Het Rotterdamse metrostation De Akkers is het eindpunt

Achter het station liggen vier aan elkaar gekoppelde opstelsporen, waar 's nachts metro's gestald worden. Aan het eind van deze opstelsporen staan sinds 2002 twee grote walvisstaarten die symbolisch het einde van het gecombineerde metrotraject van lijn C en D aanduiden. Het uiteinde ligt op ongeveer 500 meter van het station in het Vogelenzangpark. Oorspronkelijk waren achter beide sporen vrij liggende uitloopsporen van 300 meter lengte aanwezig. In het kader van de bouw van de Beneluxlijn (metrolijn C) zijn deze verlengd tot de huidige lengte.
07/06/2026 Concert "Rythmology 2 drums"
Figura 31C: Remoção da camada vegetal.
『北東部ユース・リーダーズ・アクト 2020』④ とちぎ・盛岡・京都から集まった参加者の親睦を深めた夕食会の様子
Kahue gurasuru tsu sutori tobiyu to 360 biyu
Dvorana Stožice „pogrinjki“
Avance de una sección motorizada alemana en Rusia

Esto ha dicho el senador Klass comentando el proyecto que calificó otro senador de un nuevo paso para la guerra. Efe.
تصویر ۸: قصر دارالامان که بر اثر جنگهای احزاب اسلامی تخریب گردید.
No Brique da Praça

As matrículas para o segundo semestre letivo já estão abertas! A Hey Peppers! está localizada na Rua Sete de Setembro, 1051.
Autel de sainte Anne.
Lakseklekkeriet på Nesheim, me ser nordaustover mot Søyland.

━━━

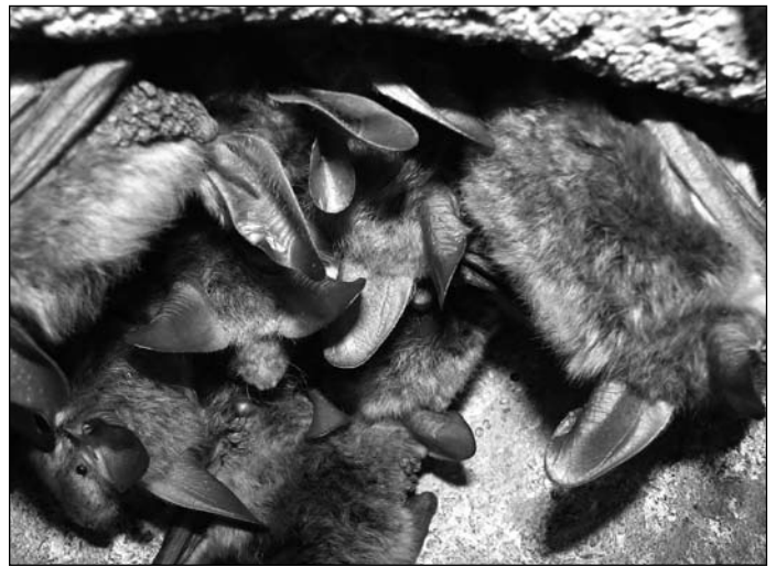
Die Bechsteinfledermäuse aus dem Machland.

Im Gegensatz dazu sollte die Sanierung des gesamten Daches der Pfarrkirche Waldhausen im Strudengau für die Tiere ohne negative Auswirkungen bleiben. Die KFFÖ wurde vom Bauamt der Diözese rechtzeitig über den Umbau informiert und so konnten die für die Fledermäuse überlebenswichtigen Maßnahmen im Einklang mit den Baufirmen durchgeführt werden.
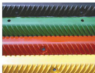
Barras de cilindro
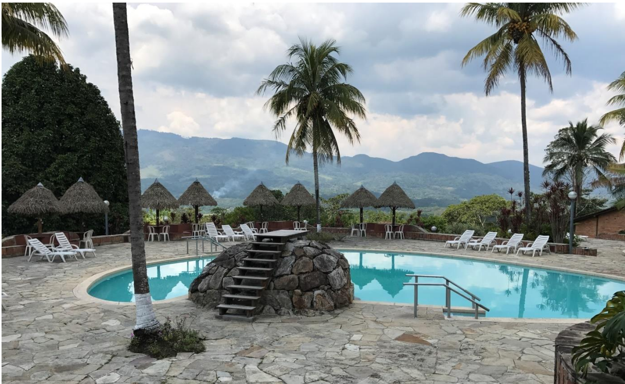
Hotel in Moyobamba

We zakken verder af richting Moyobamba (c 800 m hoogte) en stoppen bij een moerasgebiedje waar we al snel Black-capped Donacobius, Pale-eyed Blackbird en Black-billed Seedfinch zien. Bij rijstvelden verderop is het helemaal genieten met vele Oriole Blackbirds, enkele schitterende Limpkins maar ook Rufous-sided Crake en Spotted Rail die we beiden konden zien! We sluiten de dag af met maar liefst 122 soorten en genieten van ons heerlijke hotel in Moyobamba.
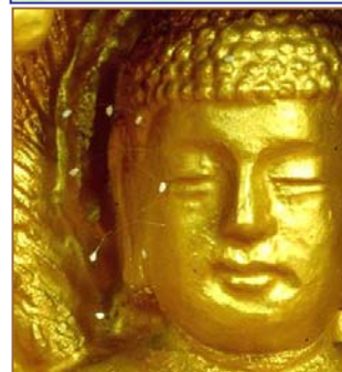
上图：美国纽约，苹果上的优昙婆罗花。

━━━

Task description
Give the tally of lines in the listing above that contain the string "para", with nothing besides it.

Answer box
2